After the completion of NAC, evaluation of residual tumors using imaging examinations is crucial to determine the method and the extent of surgical intervention. Among imaging examinations, dynamic contrast-enhanced (DCE) MRI is the most accurate, although it is not perfect4. Overestimation or underestimation can occur because of decreased vascularity, fragmentation of tumors, fibrosis, and inflammation caused by chemotherapy4. In a systemic review by Lobbes et al., the median correlation coefficient was 0.70 (range, 0.21–0.98) between tumor size measured on MRI and tumor size reported on surgical pathology5. In meta-analyses, the pooled sensitivity and specificity of post-NAC MRI showed a wide range of heterogeneous values, suggesting difficulties in assessing residual tumors and the potential for inter-observer variability6,7,8,9,10.

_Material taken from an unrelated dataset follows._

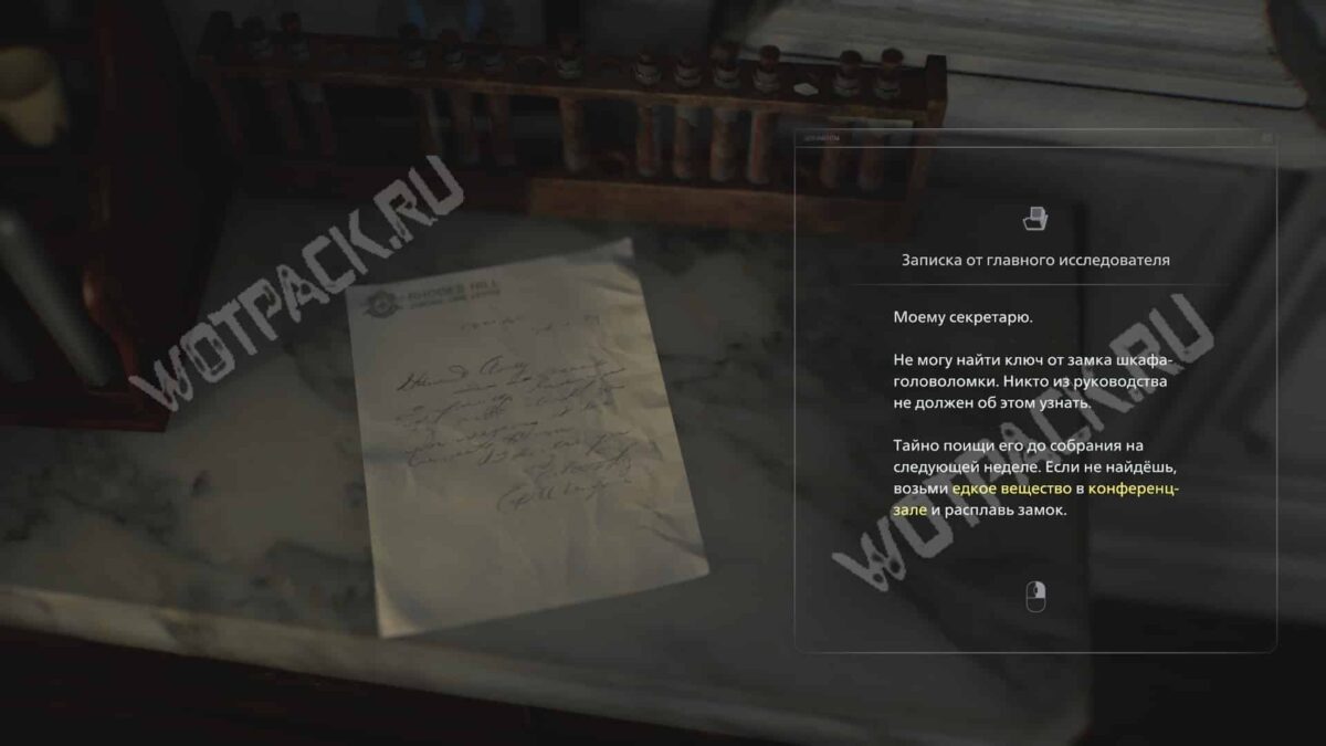 В Resident Evil Requiem при осмотре кабинета главного исследователя можно наткнуться на шкаф-головоломку. Если его открыть, удастся получить второй кварц для двери с выемками, которая находится в основном холле медицинского центра. Следуя подсказке из записки, заберите едкое вещество из конференц-зала, растворите защёлку и введите правильную последовательность символов.

For patients who achieve pCR, the added value of breast surgery remains uncertain. Therefore, several clinical trials are currently underway to evaluate the feasibility and safety of obviating the need for surgery in patients who achieve radiologic CR11,12,13. As imaging methods are not sufficiently precise, these trials use vacuum-assisted biopsy to predict pCR11,12,13. However, biopsy has limitations such as false-negative diagnosis, the need for skilled radiologists, and rare complications such as bleeding and pneumothorax. Therefore, the development of a non-invasive imaging method to accurately predict pCR is a timely and clinically relevant subject.

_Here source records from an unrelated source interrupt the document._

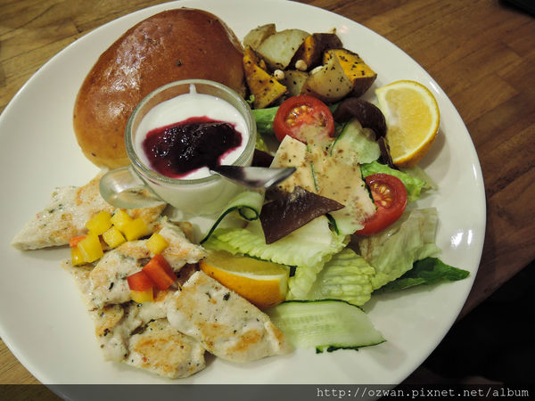 相當豐富的擺盤與健康的食材,本來看網路菜單覺得它份量看起來少少的,
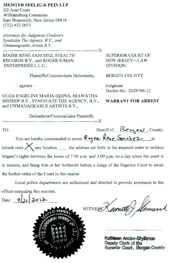 Tot uitbetaling is het nog niet gekomen en volgens Heijns is het door de rente opgelopen tot een half miljoen dollar. Omdat Sanchez vooral in New Jersey bezittingen heeft, besloot de Nederlandse in de Verenigde Staten verder te procederen. "Daar zit het meeste van zijn bezit, waaronder een huis, dus daar valt het meest te halen." De Amerikaanse justitie stelde haar ook in het gelijk en vaardigde 21 september een arrestatiebevel uit, dat nu de Stealth Records website siert.
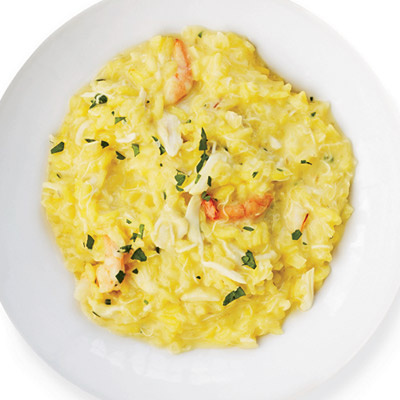 This variation on a classic risotto recipe features shrimp, crab, and creamy mascarpone cheese.

Deep-learning techniques based on MRI have been used to predict pCR more accurately14,15. Most studies have predicted pCR using pretreatment or early treatment MRI16,17,18,19,20,21,22. Until now, few studies have classified pCR versus non-pCR using MRI after NAC completion23,24. Additionally, most studies have pooled all phases of DCE-MRI instead of evaluating the performance of each phase independently16,17,18,19,20,21,22,23,24. Using the best-performing single dynamic phase as input may not only improve the model performance but also reduce the computational burden compared to using all dynamic phases as inputs. Furthermore, most studies have pooled all breast cancer subtypes16,18,19,20,21,23,24. Breast cancers have heterogeneous properties and different pCR rates depending on their subtypes3. Luminal (hormone receptor-positive and HER2-negative) breast cancers usually undergo NAC in the locally advanced stage, with pCR rates being low, approximately 5–15%. NAC is performed for these patients to reduce tumor extent rather than to achieve pCR. In contrast, HER2-positive and triple-negative breast cancers undergo NAC not only in the locally advanced stage but also in earlier stages, with pCR rates being significantly higher, up to 40–60%. Consequently, clinical trials aimed at omitting surgery after NAC often include HER2-positive and triple-negative breast cancers and exclude luminal breast cancers13. Accordingly, subtype-specific prediction models have greater clinical impact.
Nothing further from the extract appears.